Cas concrets et leviers d’anticipation
Illustration : du RS à un titre professionnel reconnu
Certains organismes ont réussi cette bascule en s’appuyant sur un diagnostic initial approfondi. Par exemple, une association spécialisée dans les métiers du numérique a transformé un RS de formateur digital en titre RNCP de “Concepteur de modules digitaux”. L’évolution a nécessité de travailler conjointement avec des entreprises partenaires, de prouver la demande sur le marché, et de renforcer l’accompagnement à l’insertion professionnelle. Ce succès s’est construit sur une stratégie de co-construction, d’investissement long terme et d’adaptation pédagogique permanente.
Bonnes pratiques et points de vigilance
- Démarrez par une analyse des besoins du marché du travail approfondie, pour valider l’opportunité d’un titre métier.
- Associez les professionnels du secteur cible dès la phase de conception du référentiel.
- Documentez précisément les débouchés professionnels et les taux d’insertion attendus.
- Pensez à l’articulation des blocs de compétences pour renforcer la modularité et l’individualisation des parcours.
- Mobilisez les ressources nécessaires à la constitution du dossier France Compétences, en tenant compte du suivi post-certification.
Faire évoluer une certification du RS vers le RNCP constitue une opportunité stratégique, mais s’apparente à un véritable chantier de transformation. Cette démarche exigeant une refonte des référentiels, un surcroît de rigueur réglementaire et des moyens humains et techniques accrus, il s’avère essentiel d’anticiper chaque étape du processus. Impliquer les parties prenantes dès l’amont, documenter la réalité des débouchés professionnels, et adapter l’organisation interne figurent parmi les leviers majeurs pour réussir cette transition exigeante mais à forte valeur ajoutée pour l’employabilité des apprenants.
FAQ – Questions fréquemment posées sur la bascule RS vers RNCP
- La bascule d’un RS vers le RNCP est-elle toujours pertinente ?
Non, elle dépend de l’existence d’un métier clairement identifié, d’une demande réelle du marché du travail et de la capacité de l’organisme à mobiliser les ressources nécessaires à cette évolution. - Quelles sont les principales difficultés à anticiper lors de la transition ?
Le principal défi réside dans la refonte du référentiel, le respect du cadre réglementaire, la preuve de l’insertion professionnelle et la gestion administrative renforcée. - Peut-on conserver l’ancien RS en parallèle du nouveau RNCP ?
France Compétences peut autoriser les deux certifications si les finalités sont distinctes.
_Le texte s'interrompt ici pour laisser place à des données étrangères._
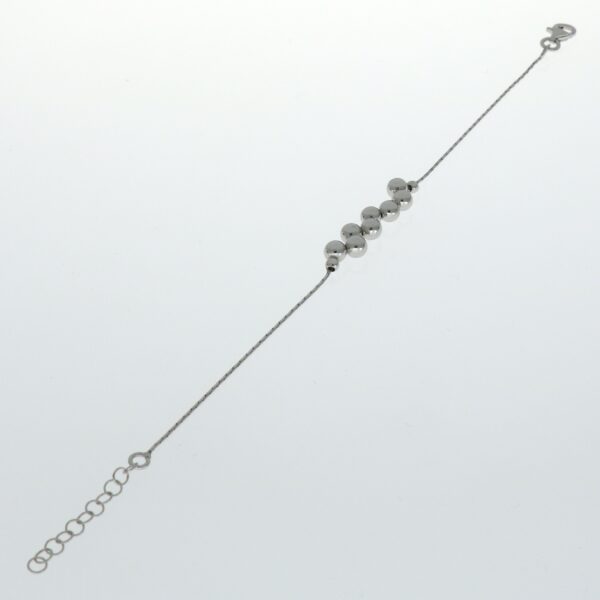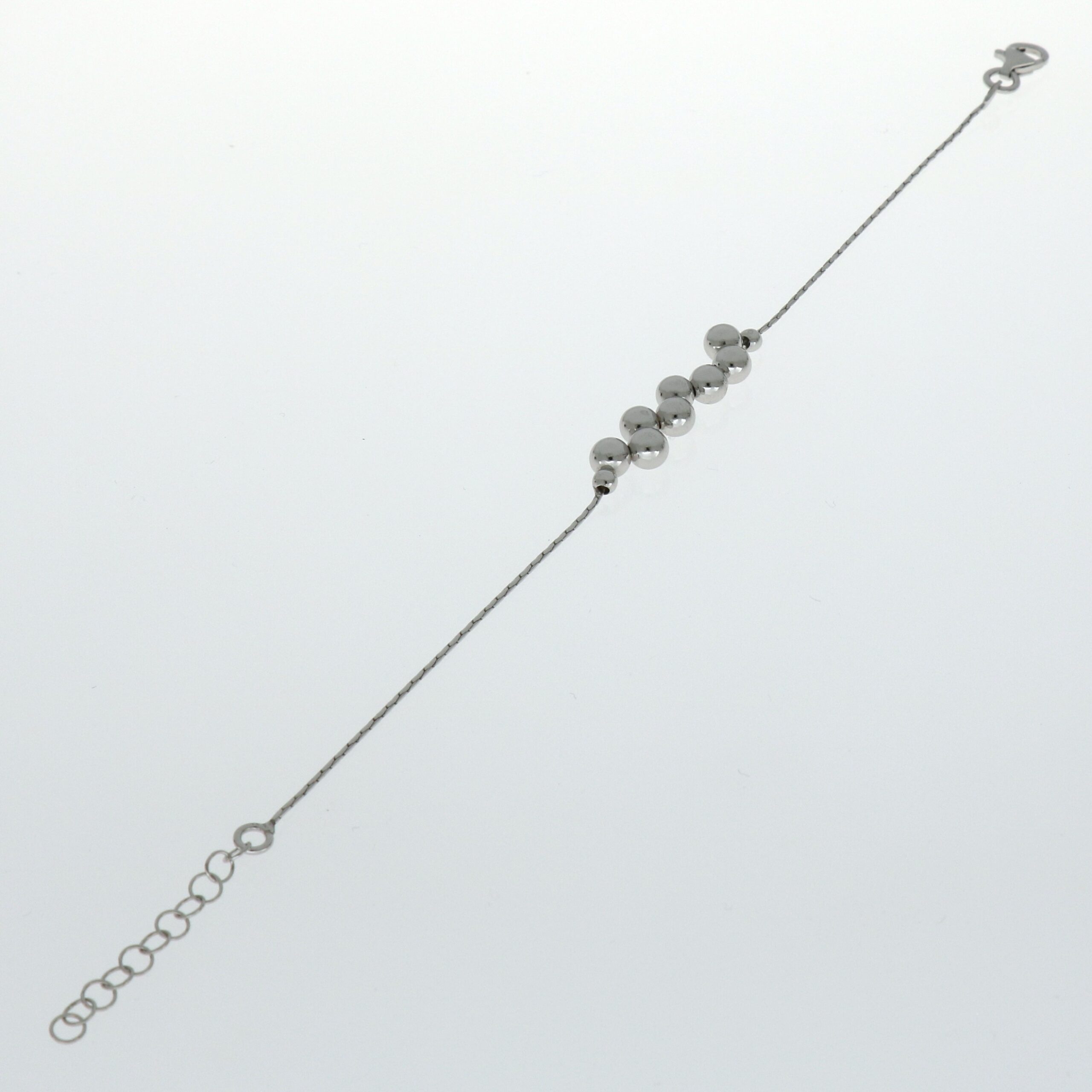 Pulsera con cadena veneciana redonda y bolas en el centro de 5 mm. 18 cm de largo y 3 cm da alargador. Plata de ley de 925 milésimas.

Toutefois, en cas de recouvrement, il est fréquent que l’une remplace l’autre. - Combien de temps prendre pour réussir la bascule ?
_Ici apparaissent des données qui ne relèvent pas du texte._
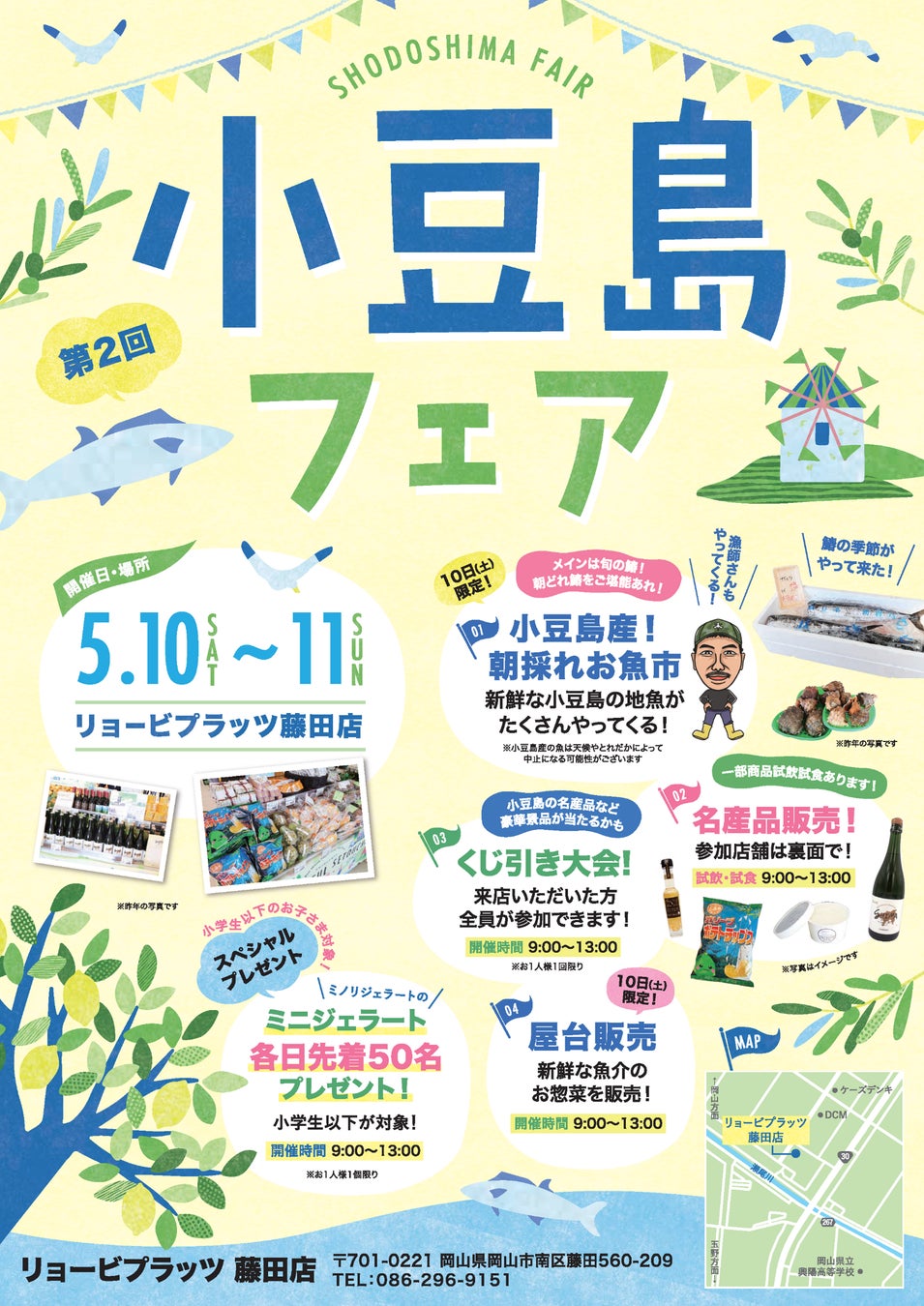 その一環として、昨年初めて開催し大変好評をいただいた「小豆島フェア」を、2025年5月10日(土)・11日(日)にリョービプラッツ藤田店(所在地:岡山県岡山市南区藤田560-209|運営:両備ホールディングス株式会社両備ストアカンパニー<https://ryobi-store.jp/>)で開催しますのでお知らせします。

Le processus complet (de la conception à l’enregistrement) prend de 12 à 24 mois, incluant l’enquête métier, la construction des référentiels et le recueil des partenariats professionnels. - Quelles sont les conséquences pour les apprenants ?
Ils bénéficient d’une meilleure reconnaissance, d’un accès facilité au financement et de nouvelles opportunités d’emploi, mais s’engagent dans un parcours plus long et plus exigeant. - L’accompagnement d’un cabinet spécialisé est-il indispensable ?
Pas obligatoire, mais fortement recommandé pour sécuriser les démarches, gagner du temps et optimiser la structuration du dossier. - Comment valoriser le passage au RNCP auprès des entreprises ?
Communiquez sur la reconnaissance nationale, le lien direct avec les métiers et la capacité des lauréats à être opérationnels rapidement.